# Old Wormely Creek



## KoreanFisher (Sep 29, 2009)

Hey I will be hitting up Wormely creek on Friday morning. wanted to know if anybody knows if i should stay within the creek or if i should paddle out to teh main part of the york?? I really would like to paddle out to the pipeline past the hot ditch. Anyone know about how far that is?

Any tips are greatly appreciated.


----------



## basstardo (Jun 5, 2006)

About 1.2 miles to the ditch, almost 1.8-.9 miles to the Amoco pier. Creek is so cold you won't have much luck there, especially with this cold snap.
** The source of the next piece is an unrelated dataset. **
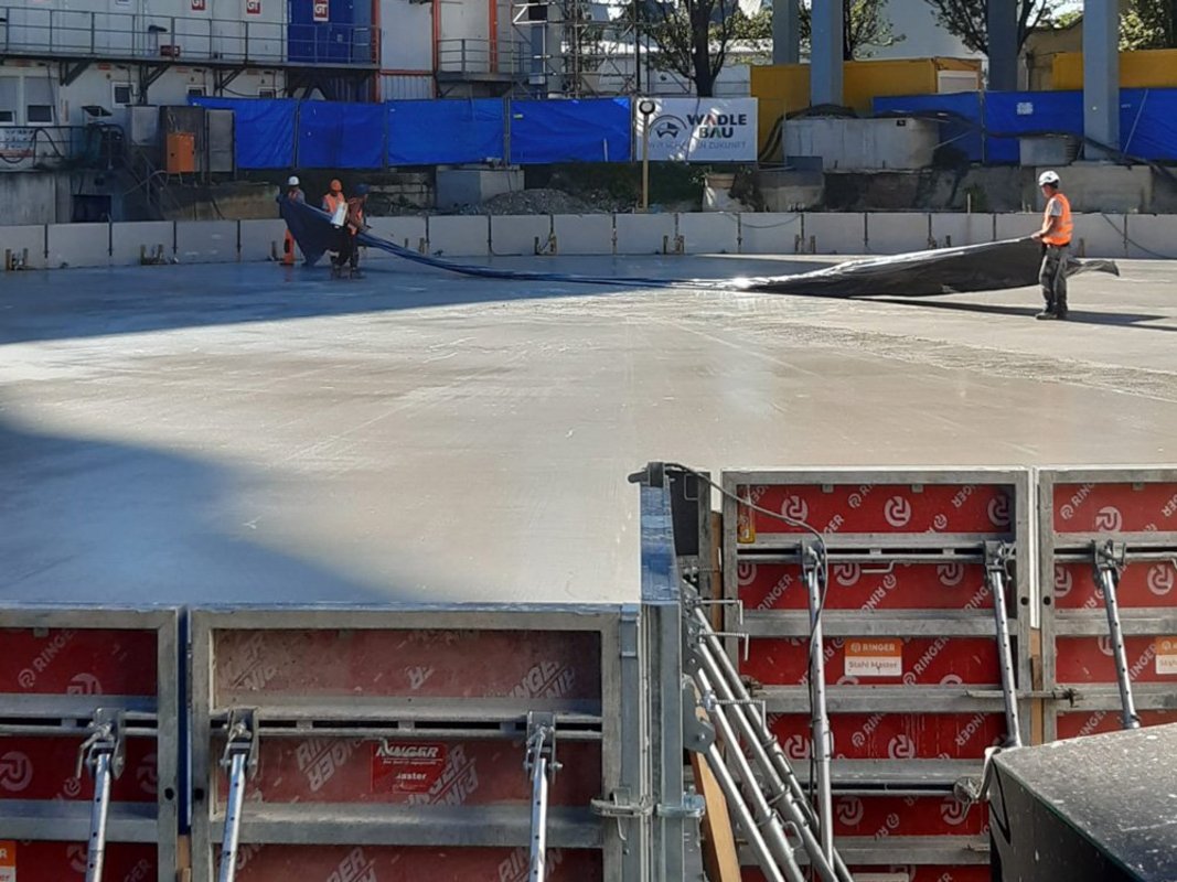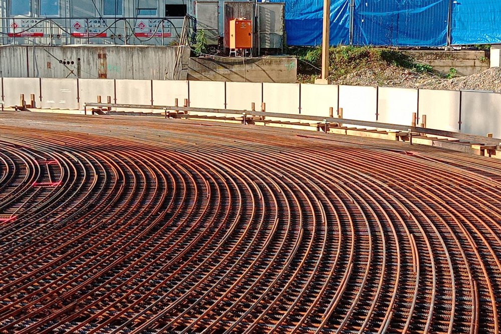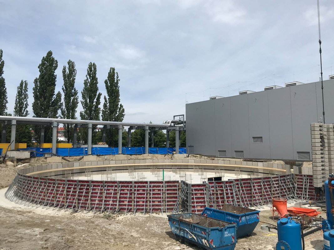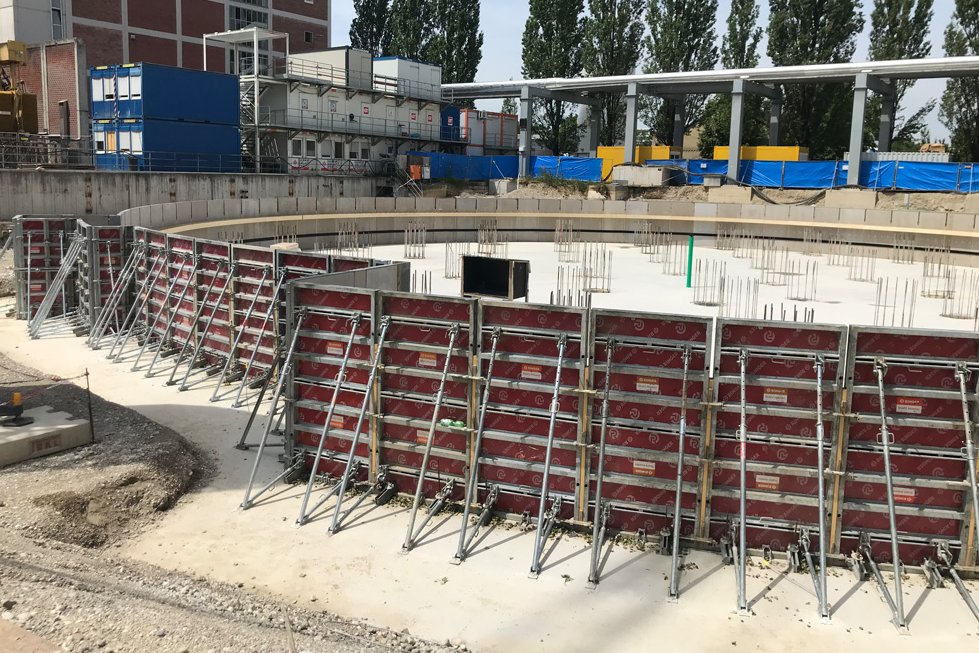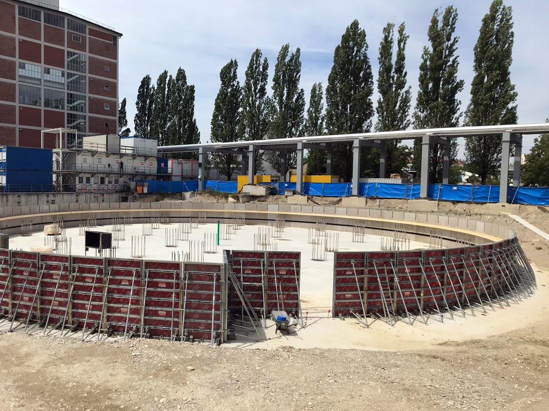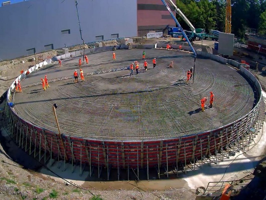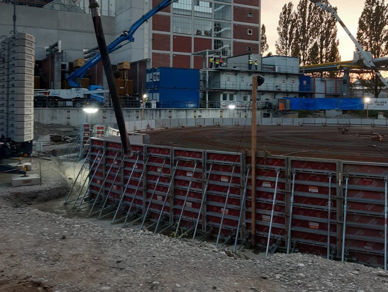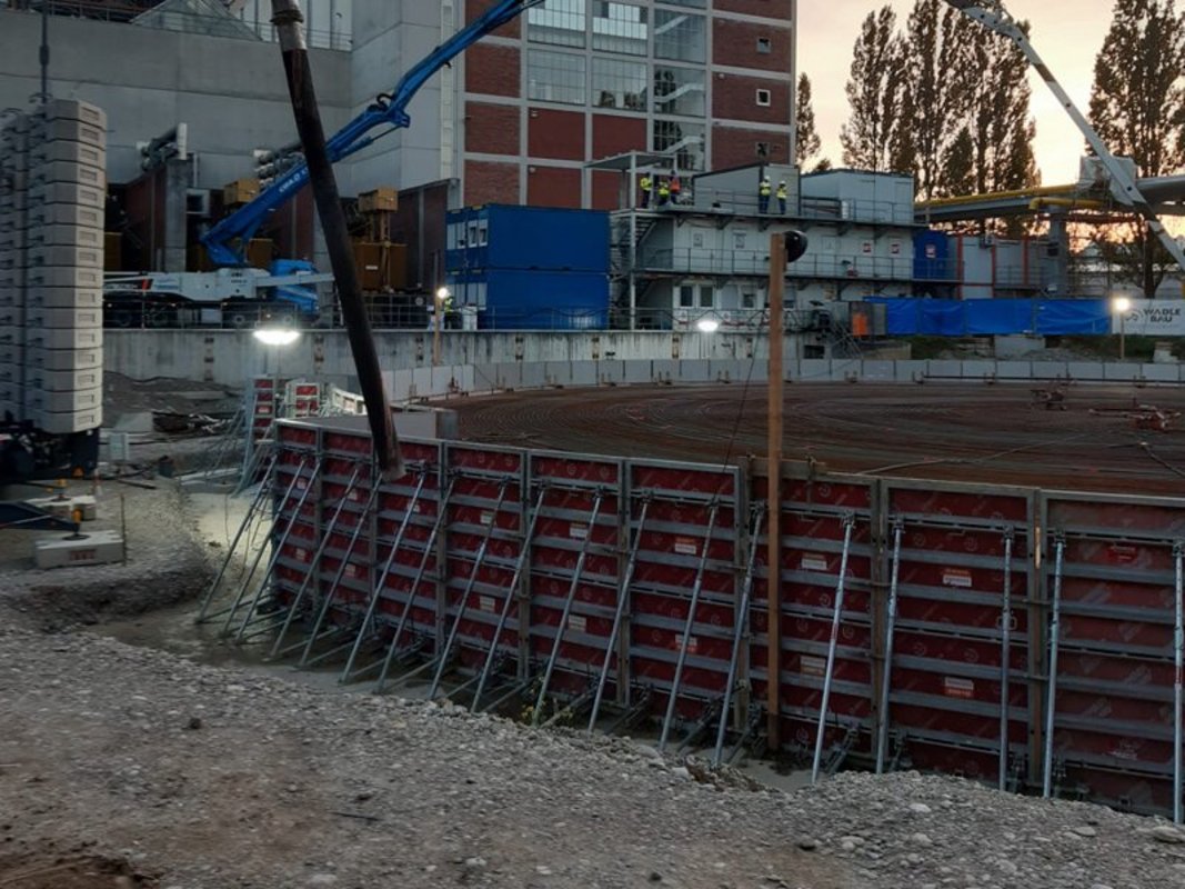 Das runde Fundament des Wärmespeichers erstreckt sich über eine Fläche von 1.288m² und weist im Zentrum eine Betonhöhe von 2m auf. Von der Mitte bis zur Außenseite mit einer Höhe von 1,80m wurde ein 1-prozentiges Gefälle vorgesehen. Um aufgrund der enormen Maße dem Betondruck standzuhalten, war ein robustes Schalungssystem gefordert. Die Wadle Bauunternehmung GmbH entschied sich im Zuge der Planung für die leistungsfähige Stahlrahmenschalung Stahl Master von RINGER. Das System bietet die optimalen Voraussetzungen für großflächiges Schalen mit dem Kran und bewältigt zudem bis zu 80 kN/m² Betondruck. Durch den Einsatz von Master Bogenblechen und Uni-Schienen können Rundungen problemlos realisiert werden. In diesem konkreten Fall wurde die Rundung mit eingelegten Kanthölzern und Master Klemmen verstellbar umgesetzt.
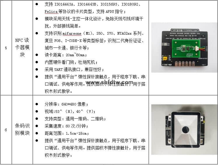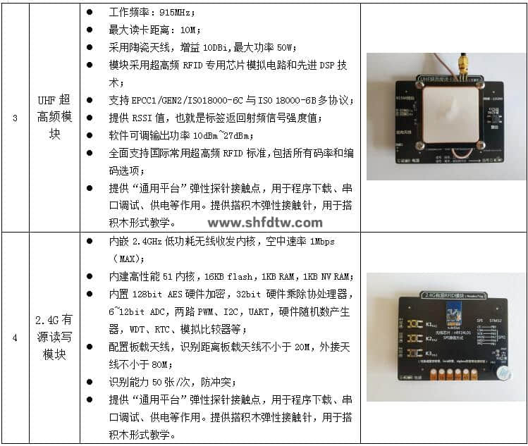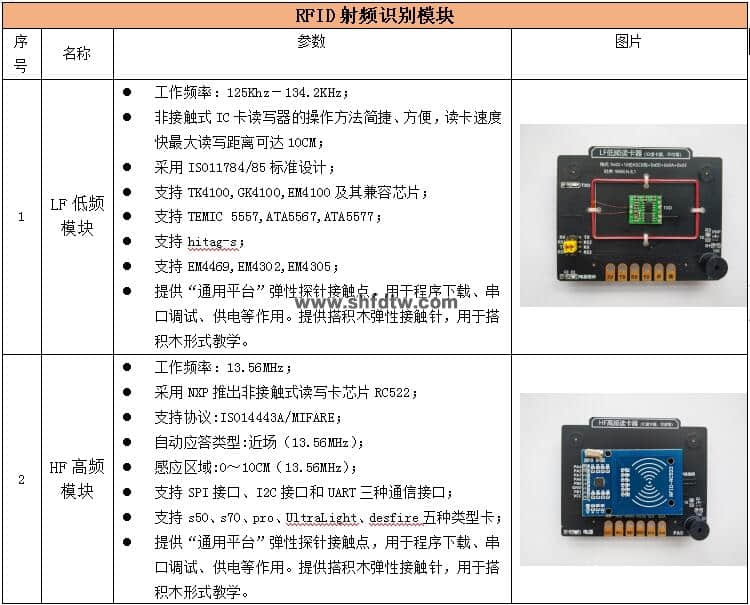 (選配)RFID 射頻識別模組:125K(LF低頻讀卡器*1)、13.56M(HF 高頻讀卡器*1)、900M(UHF 超高頻讀卡器*1)、2.4G(有源RFID*2)、NFC 讀卡器(1個)、條碼采集節(jié)點(1個),提供源碼、DEMO 例程、智能門禁等演示軟件;

Best bet would be the ditch.


----------



## KoreanFisher (Sep 29, 2009)

THANKS FOR THE INFO!! Is there anywhere closer to the hot ditch I could launch???


----------



## fishinfanatic (Jan 23, 2008)

chesapeake yachts. its $10 to launch though, coming from moses grandy trail it's millville rd. you drive straight and end up at a dirt road follow the road. mapquest millville rd, chesapeake.


----------



## chefish (Aug 23, 2008)

fishinfanatic said:


> chesapeake yachts. its $10 to launch though, coming from moses grandy trail it's millville rd. you drive straight and end up at a dirt road follow the road. mapquest millville rd, chesapeake.



Wrong "Hot Ditch"!!!!

K-Fisher, the answer is no, there is no closer launch to the ditch you are refering to. It also depends on whether or not they even have anything going out of the hot water outfolw. Last year at about this time it was shut down.


----------



## fishinfanatic (Jan 23, 2008)

sorry i didn't know there was more than one just trying to help!!!!!


----------



## O Shin Rin (Aug 31, 2009)

fishinfanatic said:


> sorry i didn't know there was more than one just trying to help!!!!!


LOL 3 that I know of


----------



## c.story (Jul 28, 2009)

Did you get to go out there? If so, any luck?


----------



## KoreanFisher (Sep 29, 2009)

Yeah man I made it out that Friday but not to Wormely Creek. i got to wormely but that creek was frozen solid at around 830am. so i ate my bojangles cajun filet and launched from the beaches by Yorktown pier. i paddles up till i got to the 1st dominion pipeline and then i went back I fished along the way, didnt catch anything. But i had a nice day on the water. If i had more time I would have paddled to the hot ditch and the next pipeline but might hit that on Saturday!!!!!


----------